Ricordo la mattina di giugno della prima volta e lo stupore della scoperta che la diversità non stava solamente nella lingua usata: era una celebrazione semplice e raccolta di poche persone, in una cappella privata con fedeli diversi per origine, lingua e ceto, eppure il rito si rivelava così trionfante nei suoi silenzi e invitante alla preghiera. Non conoscevo le finezze degli esegeti né della dottrina cristiana ma fui presto legato da questo laccio d’oro: nel tempo ho compreso come pur nella potenza della comunità dei santi la Messa sia capace di coinvolgerti personalmente e decisivamente, lungi dalle continue spiegazioni del celebrante, le irriverenze degli astanti e l’assenza di momenti di preparazione e ringraziamento alla comunione tipici del rito nuovo, che purtroppo sta modificando e smorzando la fede in molti conoscenti.

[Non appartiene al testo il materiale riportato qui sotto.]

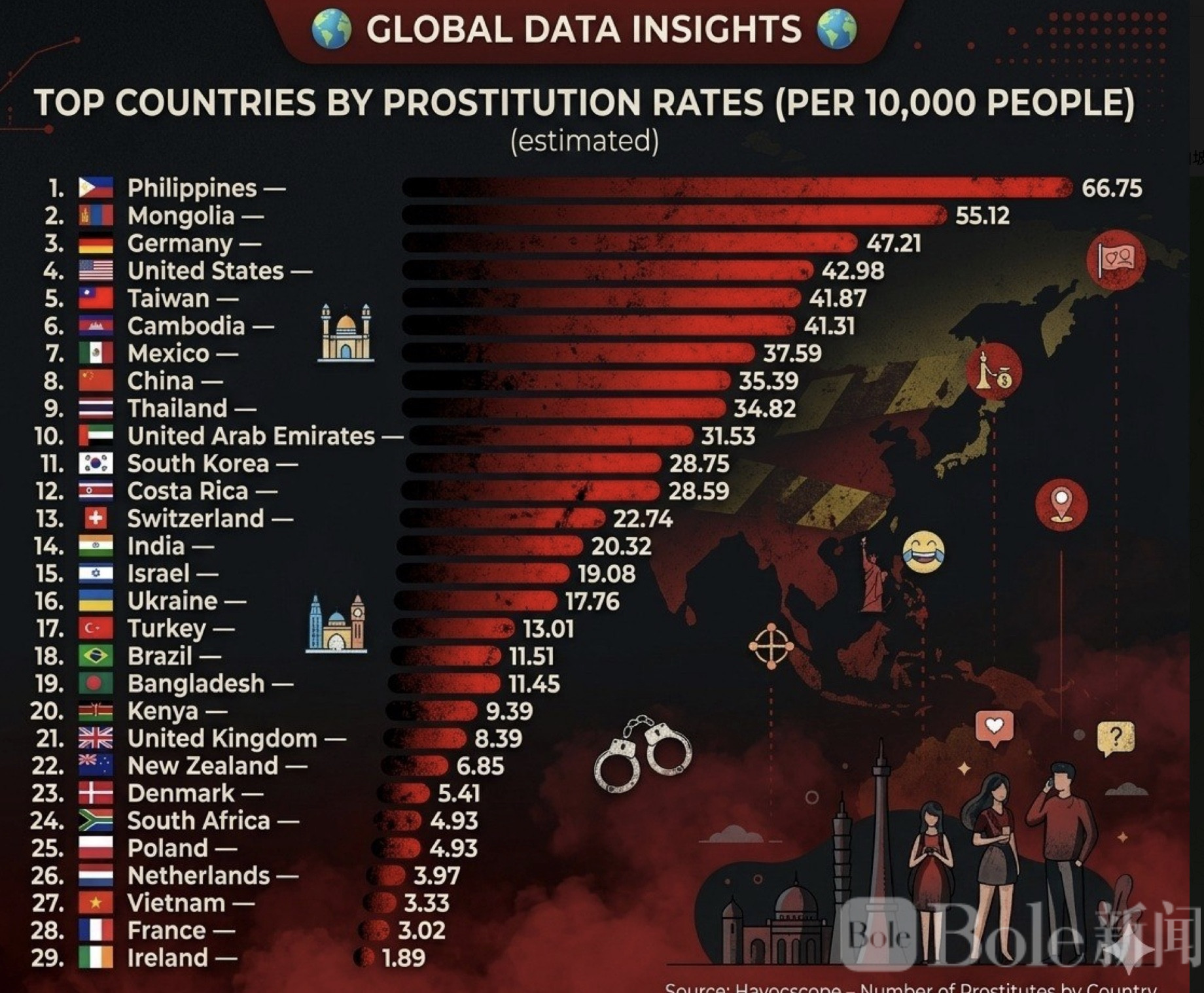 Bole新闻专讯:一份关于全球卖淫行业规模的统计数据近日在网络上引发讨论。根据市场研究机构 Havocscope 的统计资料,从各国卖淫从业人数与人口比例综合计算,菲律宾在相关排名中位居第一,指数达到66.75,在榜单中显得格外醒目。

La domenica mattina è divenuto il momento che più aspetto, per cui mi sveglio con gioia anche prima di quanto mi è solito durante la settimana pur di raggiungere la Messa, primizia da offrire nella luce pura del giorno nascente. La frequenza ai sacramenti, la vita di grazia e l’amicizia con Gesù e Maria sono stati per me i frutti della Messa.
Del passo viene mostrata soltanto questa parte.